Photograph of a train passing underneath a bridge during the bridge's construction

A train passes through a construction worksite within the right-of-way. (Courtesy of FHWA)

The Moving Ahead for Progress in the 21st Century Act (MAP-21) required the Federal Highway Administration (FHWA) and Federal Transit Administration (FTA) to amend their joint procedures to streamline compliance with the National Environmental Policy Act (NEPA) by designating two types of actions as categorical exclusions (CEs): (1) Any project (as defined in 23 U.S.C. 101(a)) within an existing operational right-of-way; and (2) any project that receives limited Federal funding. Accordingly, on January 13, 2014, FHWA and FTA completed a rulemaking process by publishing in the Federal Register a joint final rule that created two new CEs for the agencies. The rule, which was codified in 23 Code of Federal Regulations (CFR) Part 771 and 49 CFR Part 622, took effect on February 12, 2014.

Background on CEs

Defined in the Council on Environmental Quality’s regulations at 40 CFR 1508.4, CEs are a category of actions that do not individually or cumulatively have a significant effect on the human environment and which have been found to have no such effect in procedures adopted by a Federal agency. Based on this definition and past experience, FHWA and FTA established the new CEs for actions in the operational right-of-way or below certain limits of Federal financial involvement because these types of actions are unlikely to involve significant environmental impacts. As CEs, these types of projects are excluded from the requirements to prepare an Environmental Assessment (EA) or an Environmental Impact Statement (EIS). It is important to note that regardless of the applicability of a CE under NEPA, other applicable environmental requirements must be met.

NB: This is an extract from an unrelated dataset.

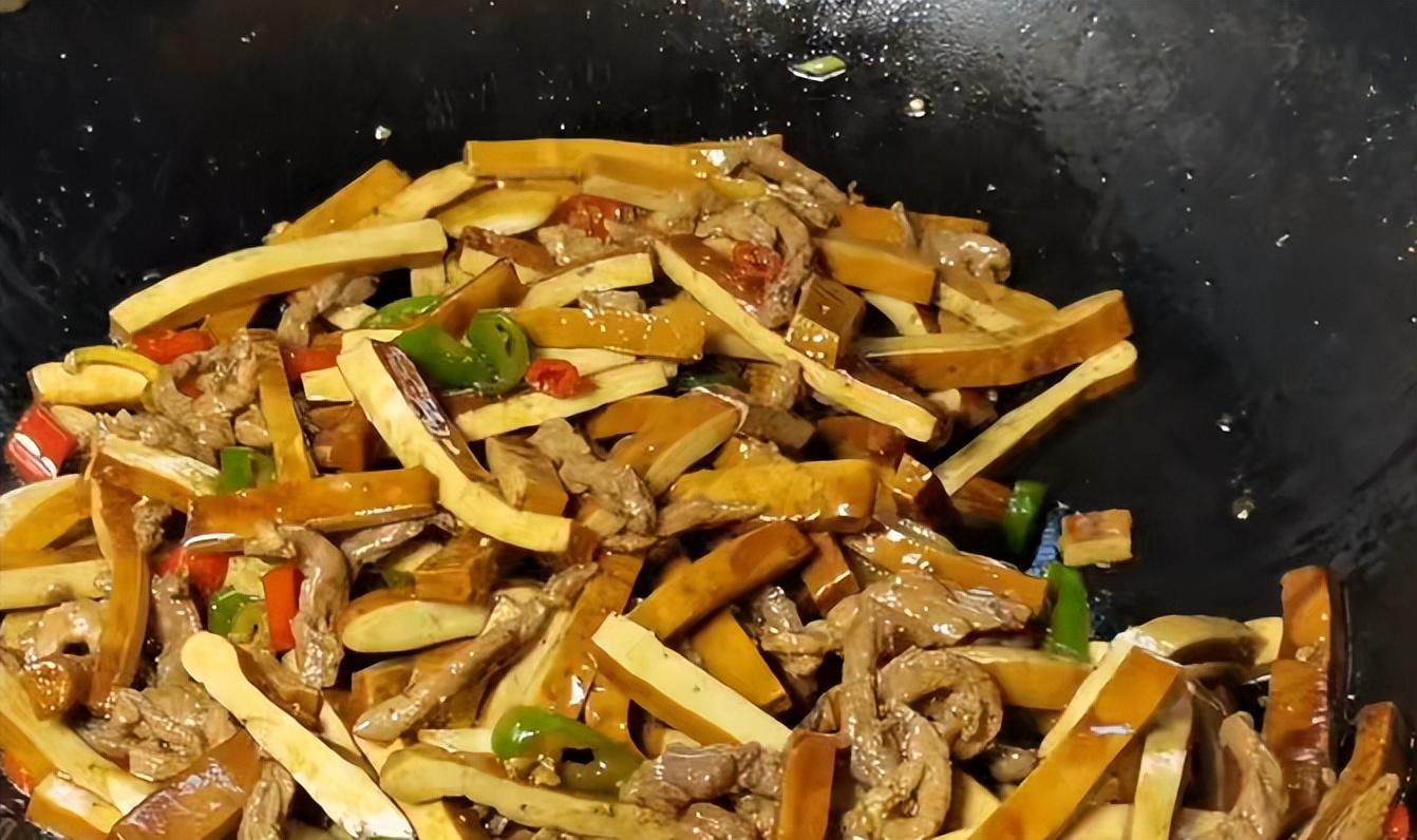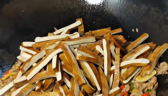 2、 將香乾切成粗條,在開水中焯燙3分鐘,撈出後過冷水瀝乾水分。

The two new CEs have been included in FHWA’s and FTA’s environmental regulations and are now part of 23 CFR 771.117(c) and 23 CFR 771.118(c), respectively. Sections 771.117(c) and 771.118(c) contain specific lists of categories of actions, sometimes referred to as the “C-List,” that meet the regulatory requirements for CEs and normally do not require any further NEPA approvals by FHWA or FTA. Examples of existing C-List CEs include developing rest areas in an existing right-of-way, constructing bicycle or pedestrian lanes, installing noise barriers, and acquiring scenic easements.

Additional Resources:

Typically, CEs that fall under 771.117(c) or 771.118(c) involve minimal documentation and, since they are not reviewed on a case-by-case basis, there is limited reporting or tracking of the individual projects. However, in the case of the new CEs, section 1323 of MAP-21 requires that a report on the “types and justification” of actions applying these two CEs be prepared by the Secretary of Transportation and submitted to Congress within two years of MAP-21’s effective date. For this reason, FHWA and FTA are planning to collect information from the field about how these CEs are being applied. FHWA is preparing a guide to assist State Departments of Transportation (DOTs) and FHWA Divisions with gathering and submitting pertinent information.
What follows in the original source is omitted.